*Task input:*
■ ■ ■ ■ ■
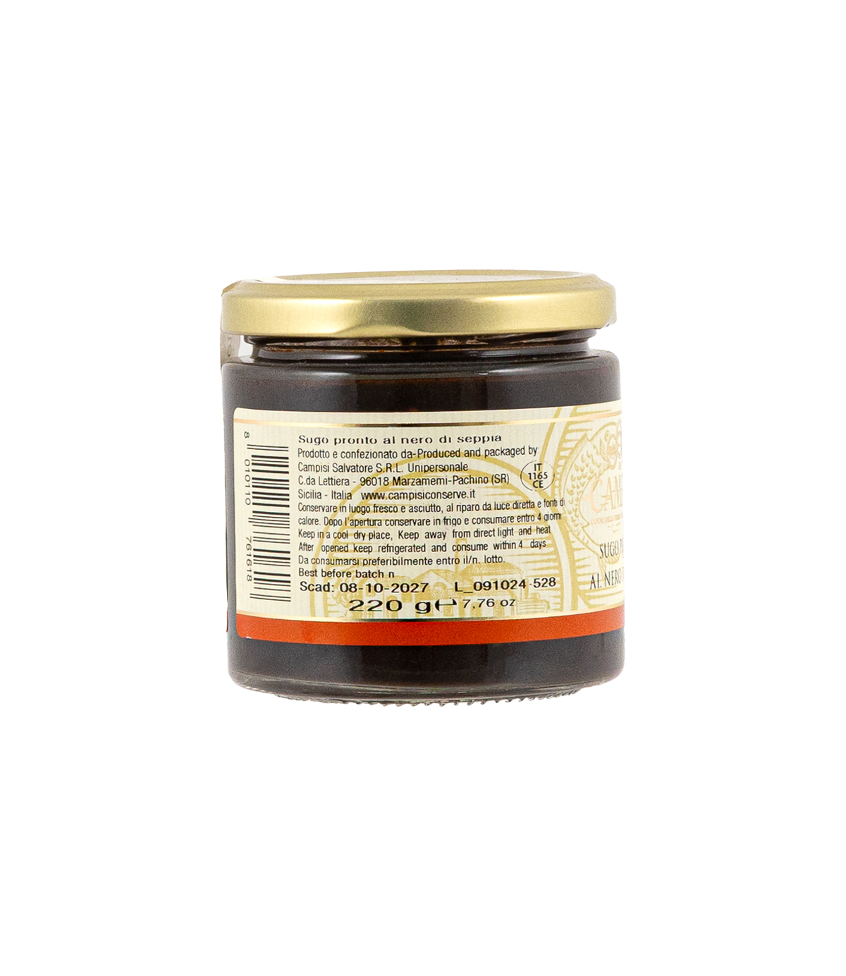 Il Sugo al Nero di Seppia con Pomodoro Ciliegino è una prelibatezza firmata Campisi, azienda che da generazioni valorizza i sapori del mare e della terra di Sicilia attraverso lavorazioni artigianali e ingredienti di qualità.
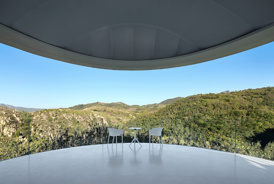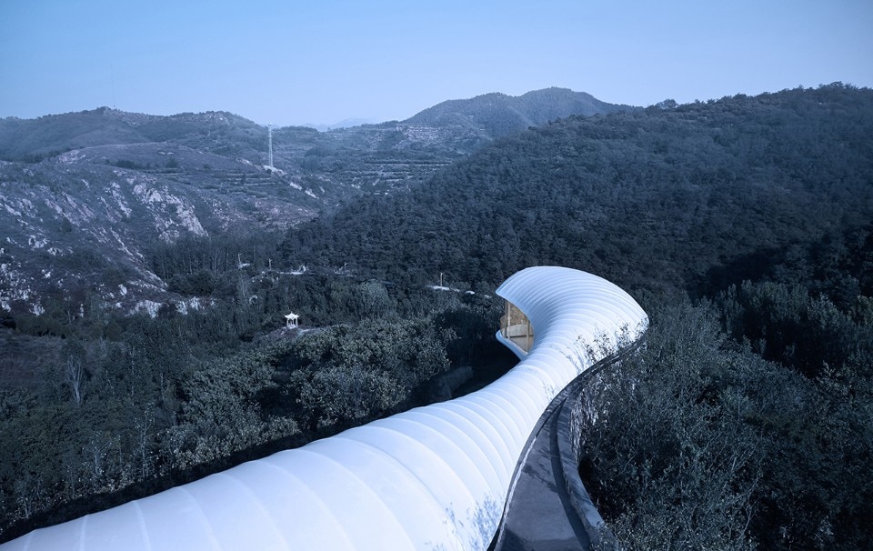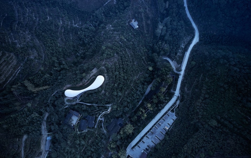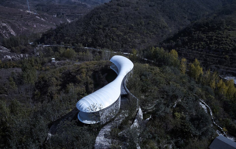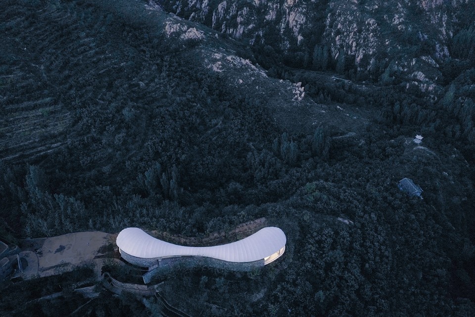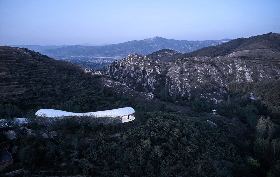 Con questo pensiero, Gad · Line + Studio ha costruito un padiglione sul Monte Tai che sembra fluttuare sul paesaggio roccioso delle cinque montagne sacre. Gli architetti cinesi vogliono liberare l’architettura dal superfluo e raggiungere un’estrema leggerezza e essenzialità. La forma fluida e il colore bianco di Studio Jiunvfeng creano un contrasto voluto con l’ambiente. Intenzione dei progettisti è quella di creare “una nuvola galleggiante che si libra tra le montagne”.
■ ■ ■ ■ ■
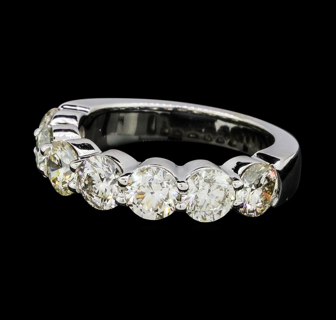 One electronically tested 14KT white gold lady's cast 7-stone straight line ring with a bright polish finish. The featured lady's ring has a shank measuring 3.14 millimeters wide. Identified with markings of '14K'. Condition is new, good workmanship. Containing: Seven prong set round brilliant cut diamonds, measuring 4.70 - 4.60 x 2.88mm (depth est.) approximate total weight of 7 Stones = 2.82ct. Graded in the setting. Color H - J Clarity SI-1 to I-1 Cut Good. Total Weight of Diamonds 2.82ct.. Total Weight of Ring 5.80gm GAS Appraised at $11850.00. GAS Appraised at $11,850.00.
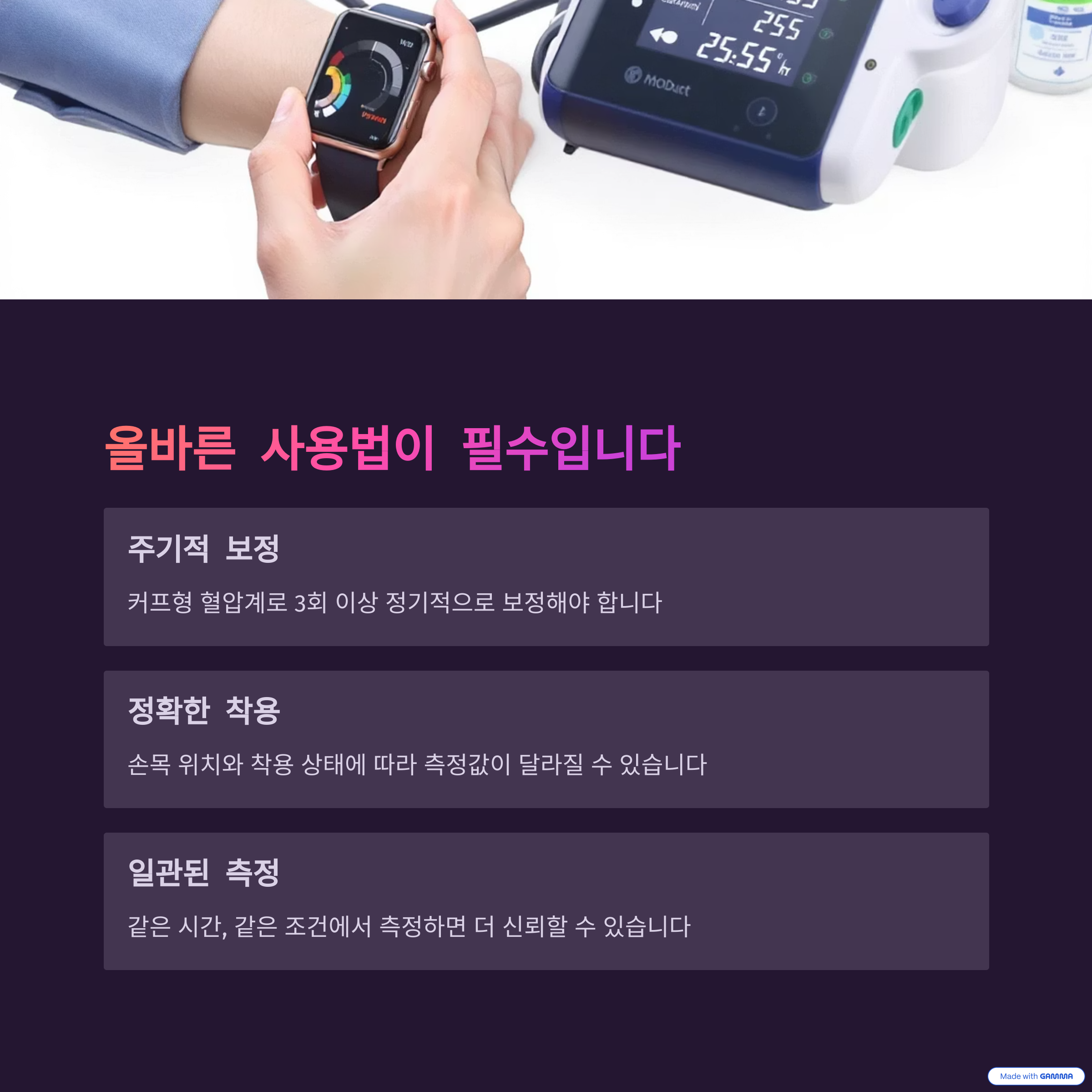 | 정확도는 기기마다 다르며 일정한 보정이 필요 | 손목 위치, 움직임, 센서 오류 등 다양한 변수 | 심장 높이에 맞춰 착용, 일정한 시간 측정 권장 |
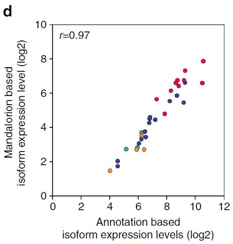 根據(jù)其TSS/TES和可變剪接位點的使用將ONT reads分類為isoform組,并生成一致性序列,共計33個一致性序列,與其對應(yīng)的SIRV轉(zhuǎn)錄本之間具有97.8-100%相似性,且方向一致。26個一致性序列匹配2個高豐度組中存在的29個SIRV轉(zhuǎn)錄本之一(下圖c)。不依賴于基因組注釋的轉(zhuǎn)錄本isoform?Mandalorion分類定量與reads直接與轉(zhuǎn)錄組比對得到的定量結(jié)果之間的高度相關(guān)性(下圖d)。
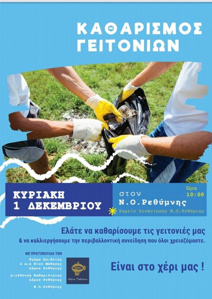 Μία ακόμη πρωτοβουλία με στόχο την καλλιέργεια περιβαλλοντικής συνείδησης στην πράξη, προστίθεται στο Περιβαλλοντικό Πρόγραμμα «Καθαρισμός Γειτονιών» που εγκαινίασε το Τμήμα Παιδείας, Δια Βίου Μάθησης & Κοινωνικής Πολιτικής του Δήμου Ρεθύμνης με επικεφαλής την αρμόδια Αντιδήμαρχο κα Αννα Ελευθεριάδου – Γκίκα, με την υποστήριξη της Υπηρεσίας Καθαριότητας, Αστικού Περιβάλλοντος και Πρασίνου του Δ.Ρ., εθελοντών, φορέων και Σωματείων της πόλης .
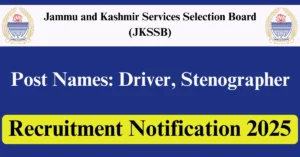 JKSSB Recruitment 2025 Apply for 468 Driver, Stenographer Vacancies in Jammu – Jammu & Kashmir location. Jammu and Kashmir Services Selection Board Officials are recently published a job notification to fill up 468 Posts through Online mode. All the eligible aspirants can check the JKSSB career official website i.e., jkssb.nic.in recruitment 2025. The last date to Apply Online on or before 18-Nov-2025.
■ ■ ■ ■ ■
Beginning at the line that has "Il Sugo al Nero" and ending at the line that has "Con questo pensiero, Gad", restate the listing above word for word, pictures left out.

 Il Sugo al Nero di Seppia con Pomodoro Ciliegino è una prelibatezza firmata Campisi, azienda che da generazioni valorizza i sapori del mare e della terra di Sicilia attraverso lavorazioni artigianali e ingredienti di qualità.
 Con questo pensiero, Gad · Line + Studio ha costruito un padiglione sul Monte Tai che sembra fluttuare sul paesaggio roccioso delle cinque montagne sacre. Gli architetti cinesi vogliono liberare l’architettura dal superfluo e raggiungere un’estrema leggerezza e essenzialità. La forma fluida e il colore bianco di Studio Jiunvfeng creano un contrasto voluto con l’ambiente. Intenzione dei progettisti è quella di creare “una nuvola galleggiante che si libra tra le montagne”.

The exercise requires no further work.